Trump’s Mideast ‘achievement’: A growing rift with the Palestinians
Op-ed: It’s hard to estimate how long Donald Trump will survive in office, but even if he goes, the deep change he led in the US policy towards the current Palestinian leadership will reverberate for years; that leadership is finished and it’s time to replace it, just like it’s time to replace our own leadership.
The White House brat, commentators said, is truculent and will pull out the heavy baton and wave it in front of the terrified eyes of Prime Minister Benjamin Netanyahu and his government ministers.
The eager anticipation for Trump’s “deal” grew on the eve of his trip to Israel and Saudi Arabia, with a ridiculously short visit to Bethlehem.
The rumors and preparations for the upcoming deal didn’t quiet down even when it turned out that the president had come and gone empty-handed. On the contrary, they only increased. Look, Trump is sending over his Mideast envoy. Look, he’s about to send his omnipotent son-in-law. Look, he posted a vague tweet which may imply that he intends on claiming a price from Israel. But the envoy just went back and forth with nothing to do, the son-in-law got caught up in investigations related to his Russian affair, and the “mysterious tweet” turned out to be another grammatical error. Trump hasn't mastered his mother tongue and often makes spelling mistakes and uses the wrong tense.
I’m not saying Trump didn’t do anything in our region. He definitely did something: He got into a major fight with the Palestinian leadership. The rift, which seemed partial and concealed during the quick visit he paid Palestinian President Mahmoud Abbas in Bethlehem, burst forth in all its might later on and is reaching its climax these days.

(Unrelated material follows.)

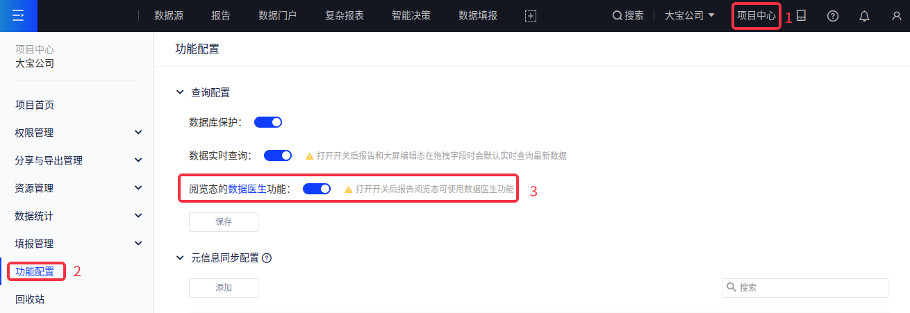数据医生功能支持编辑报告及阅览报告时使用,若不想让阅览用户使用数据医生功能,则需要项目管理员在项目中心-功能配置中,关闭【阅览态的数据医生功能】。

In his first year as president, Trump recognized Jerusalem as Israel’s capital, exerted financial pressure to prevent an Israeli defeat at the United Nations, removed representatives of the ideological Right with the anti-Semitic flavor from his close circle in favor of his Jewish family, and recently demanded that the Palestinians return to the negotiating table unconditionally, otherwise the US would cut its financial aid.

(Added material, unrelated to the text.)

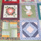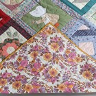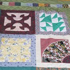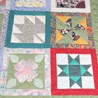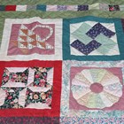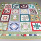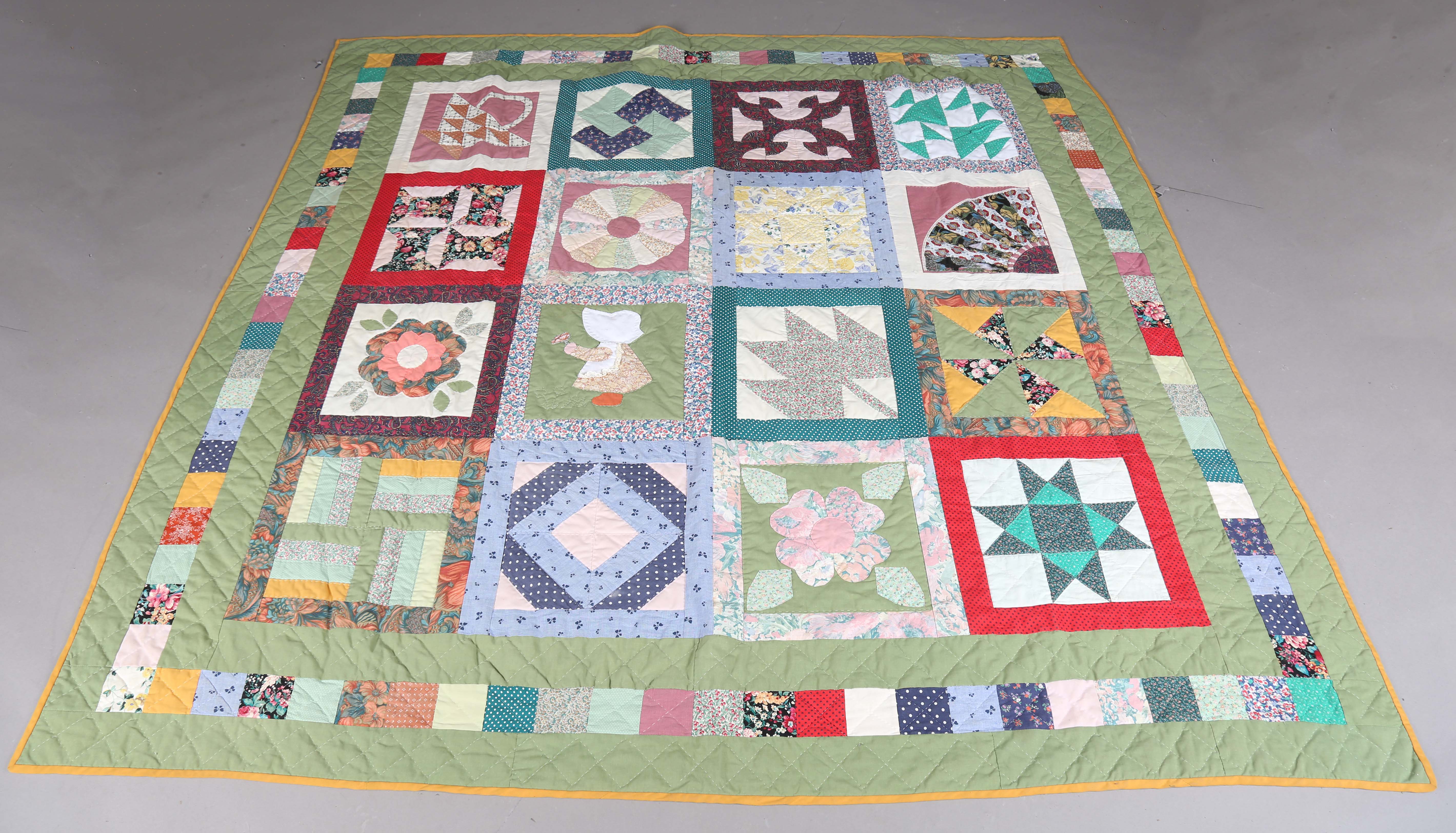 A 20th century patchwork cotton quilt, worked with overall compartments enclosing stylized forms, 207cm x 207cm.

This threat is substantial: In recent years, the United States has become the Palestinian people’s biggest helper. Directly and indirectly, it transfers to the territories between $800 million to $1 billion a year. Arab states have almost entirely halted their aid to the Palestinians. Over the weekend, we learned that the US had frozen $125 million in funding to the United Nations Relief and Works Agency (UNRWA), the agency founded by the UN to provide temporary aid to Palestinian refugees, which over the years became an exclusive supplier of basic welfare service in the refugee camps.
Trump’s White House likes to quote President Bill Clinton’s warning to his successor, George W. Bush: Don’t believe a word the Palestinian leadership tells you. Bush likely passed the warning on to Barack Obama, who passed it on to Trump. Obama saw himself as the most significant friend the Palestinians had in the White House—but their leaders, according to his associates, repaid him with selfishness and foolishness and thwarted his efforts to reach an agreement. Obama was seriously offended.
Trump obviously didn’t need his predecessors’ warnings. His entire conduct vis-à-vis the Palestinians leads to only one conclusion: Trump simply can’t stand them. He completely rejects the national Palestinian narrative and is willing to take steps against them that are so radical that even the Netanyahu government has its reservations. The reconciliation between Fatah and Hamas is interpreted by his associates as a Hamas takeover of Fatah—the end of a possible “deal.”
Trump, let me remind you, isn’t any different from most Americans when it comes to this issue: Sympathy towards the Palestinians has hit a low point in US public opinion polls, not just among members and supporters of the Republic Party, but also among members and supporters of the Democrats, although the latter are also demonstrating a considerable drop in sympathy towards Israel.
It’s hard to estimate how long Trump will survive in office. Now that journalist Michael Wolff’s revealing book “Fire and Fury” has been published, the American political discourse has begun focusing on the question of his personal performance rather than on his policy. The book also claims, according to Trump’s former advisors, that he supports the “Jordanian option”: Handing sovereignty over the West Bank to Jordan and sovereignty over Gaza to Egypt—rather than to the Palestinians.
Even if Trump goes, the deep change he led in the US policy towards the current Palestinian leadership will reverberate for years. That leadership is finished. It’s time to replace it, just like it’s time to replace our own leadership.